__Saved data entries__.
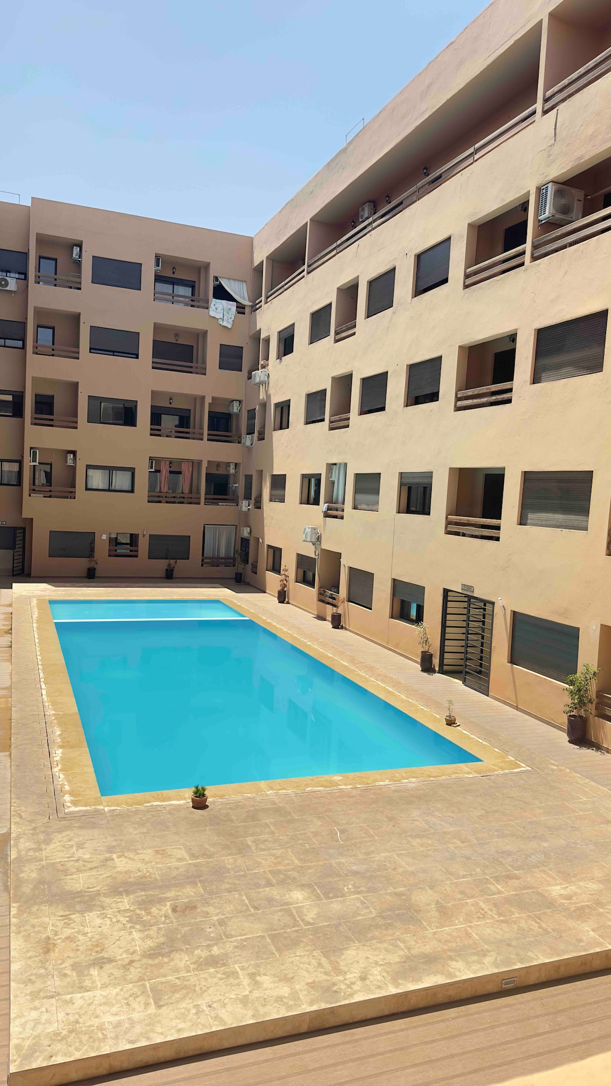 🌴Bienvenue dans votre oasis de confort à Marrakech! ✅ Check-in 24h/24 par une équipe chaleureuse | 📍 En plein centre-ville | 🌅 Terrasse avec vue sur la piscine | 💦 Résidence avec 4 piscines relaxantes au charme balinais Offrez-vous un séjour inoubliable dans un appartement moderne, lumineux et décoré avec soin, situé dans le quartier calme et prisé de Semlalia, à quelques minutes seulement du centre GUELIZ. Profitez d’un cadre relaxant, idéal pour allier détente et découverte de Marrakech.
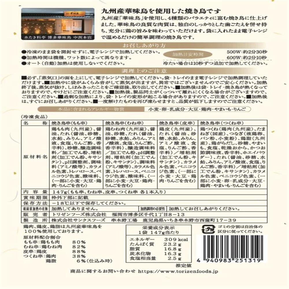 九州産銘柄鶏「華味鳥」を使用し、4種類のバラエィー溢れる焼き鳥に仕上げました。華味鳥の良質な肉質は、独自のしっかりした歯ごたえを併せ持ち、更に鶏独特の臭みを抑えている為、充分に鶏の旨みを味わっていただけます。華味鳥の様々な部位が奏でる素材の味をご賞味ください。袋に入れたままレンジで温めるだけの簡単調理の焼き鳥です。
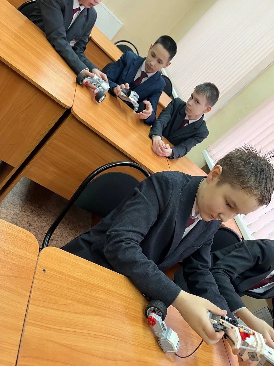 На этой неделе под руководством преподавателя Осипова М.И. учащиеся 55-й школы собрали и запрограммировали настоящих роботов.
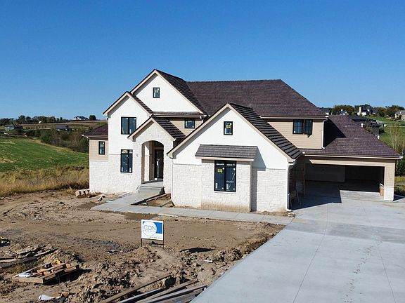 Acreage living awaits in this extraordinary 1.5-story home by iCON Homes, perfectly situated on 1.5 acres in the highly sought-after neighborhood The Estates at Wynnwood. Step inside and be captivated by the circular staircase, open great room with its striking floor-to-ceiling brick fireplace, a chef-inspired gourmet kitchen featuring a stunning waterfall island, and an expansive walk-in pantry. Your private oasis offers panoramic views of lush greenery and mature trees, creating an unparalleled sense of peace and privacy. The main floor boasts a luxurious primary suite with a spa-like bath, including a soaker tub, walk-in shower, and huge custom closet, plus a convenient home office. Upstairs, you’ll find three additional bedrooms, two baths, and a spacious bonus room. The lower level is an entertainer’s dream—complete with an 11 foot drooped floor gym, full bar, additional bedroom with bath, and a large rec room and additional indoor/outdoor storage. This home truly has it all!
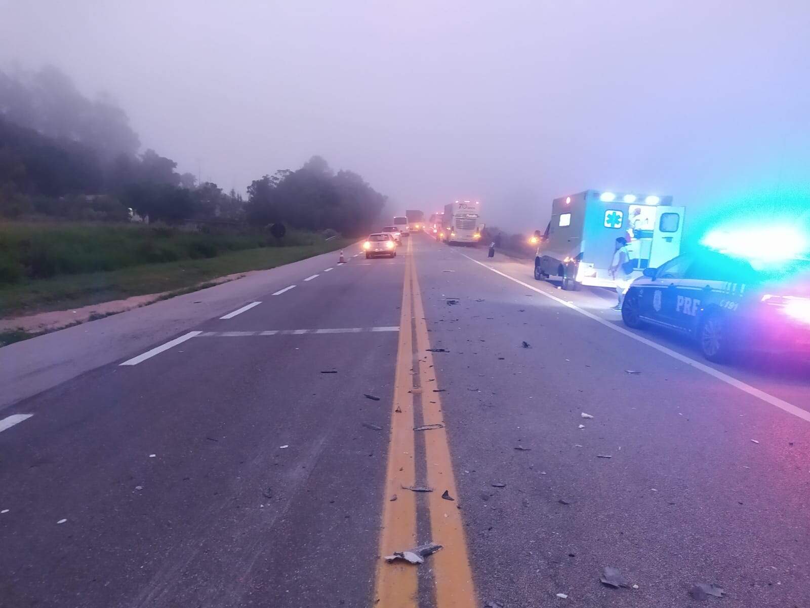 Um acidente ocorreu na madrugada deste sábado (11) no km 426, da BR 116, em Cristal, entre um ônibus e um caminhão.
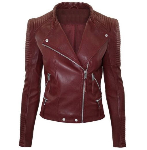 Women Maroon Color Leather Jacket Biker Stylish Zipper Fashion Jacket
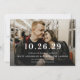This modern yet elegant save the date announcement features a horizontal photo background with your wedding date and text in white. You can customize this design even further by changing the backer color and/or adding another photo or additional text to the backer.
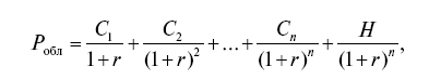 где С1, С2, С3, …, Сn – сумма купонных платежей; r – ставка дисконтирования; Н— номинальная стоимость облигации; n – число лет до погашения.
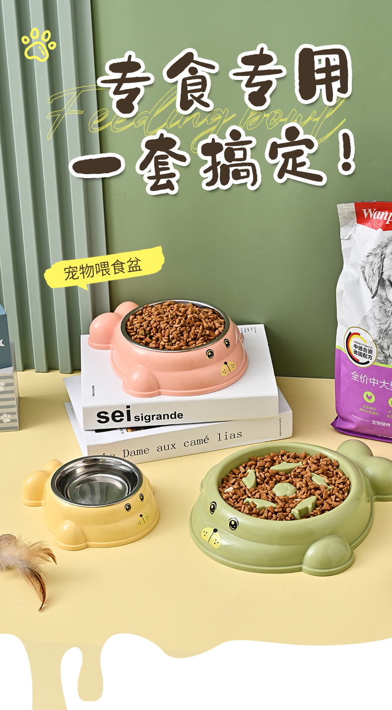 스테인레스 스틸 고양이 식기 애완 동물 개 그릇 만화 발자국 애완 동물 개 분지 식기 고양이 그릇 마시는 고양이 용품 물 그릇스토어 가기
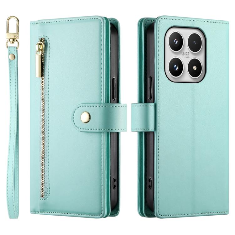 For Xiaomi 17 Nine Card-slot Zipper Wallet Bag Leather Phone Case(Mint Green)
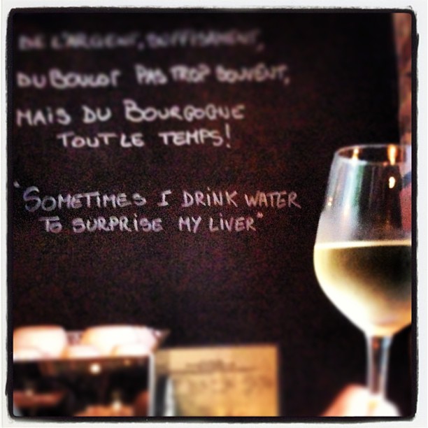 Saw this last night at the adorable Sel et Gras and had to take a pic. I had to maneuver myself by the board, with my refreshing glass of Chablis, and everyone was giving me strange looks except for the girl at the bar who said she also took a pic of the quote. Grapefriends unite!
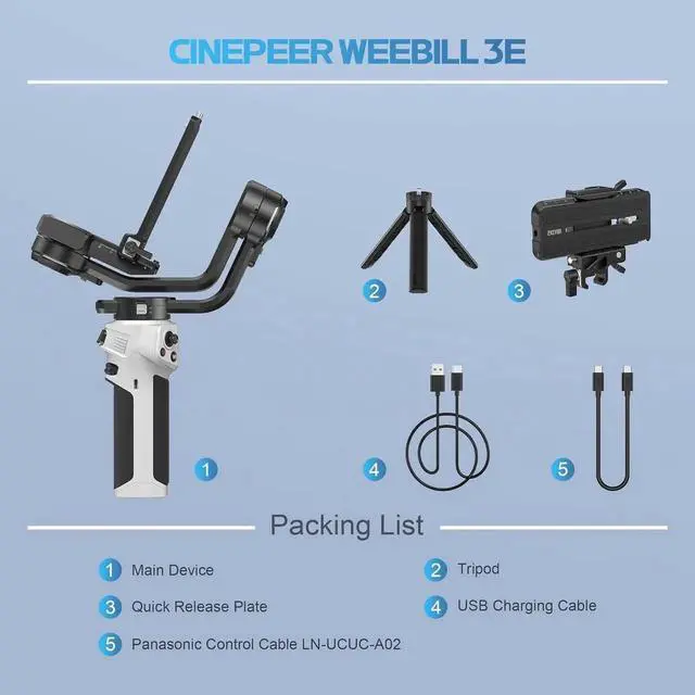 Gimbal that Fits Well in Your HandAs compact as an A4 paper, WEEBILL 3E is your perfect companion on the go. The compact body and ergonomically designed handle make it a joy to carry and use, turning hours-long filming sessions into a breeze.falseAdvanced Algorithm Makes Smooth ExperienceOur intelligent cloud camera gimbals steady your vision to reveal life's captivating details. Advanced algorithms pave the way for buttery smooth footage as the wide axis arm cradles cameras of different sizes . The strong motors also propel each pan and transition with graceful ease.falseBluetooth Shutter ControlWEEBILL 3E liberates your camera through Bluetooth wireless control. Start and stop recordings or snap photos with just the video button and break free from tangled wires and roam unencumbered through limitless perspectives.false

__Try it__. Each line from the one with "Saw this last" to the final line of the data above is to be printed exactly; no picture should appear in the copy.

__Exercise answer__.
 Saw this last night at the adorable Sel et Gras and had to take a pic. I had to maneuver myself by the board, with my refreshing glass of Chablis, and everyone was giving me strange looks except for the girl at the bar who said she also took a pic of the quote. Grapefriends unite!
 Gimbal that Fits Well in Your HandAs compact as an A4 paper, WEEBILL 3E is your perfect companion on the go. The compact body and ergonomically designed handle make it a joy to carry and use, turning hours-long filming sessions into a breeze.falseAdvanced Algorithm Makes Smooth ExperienceOur intelligent cloud camera gimbals steady your vision to reveal life's captivating details. Advanced algorithms pave the way for buttery smooth footage as the wide axis arm cradles cameras of different sizes . The strong motors also propel each pan and transition with graceful ease.falseBluetooth Shutter ControlWEEBILL 3E liberates your camera through Bluetooth wireless control. Start and stop recordings or snap photos with just the video button and break free from tangled wires and roam unencumbered through limitless perspectives.false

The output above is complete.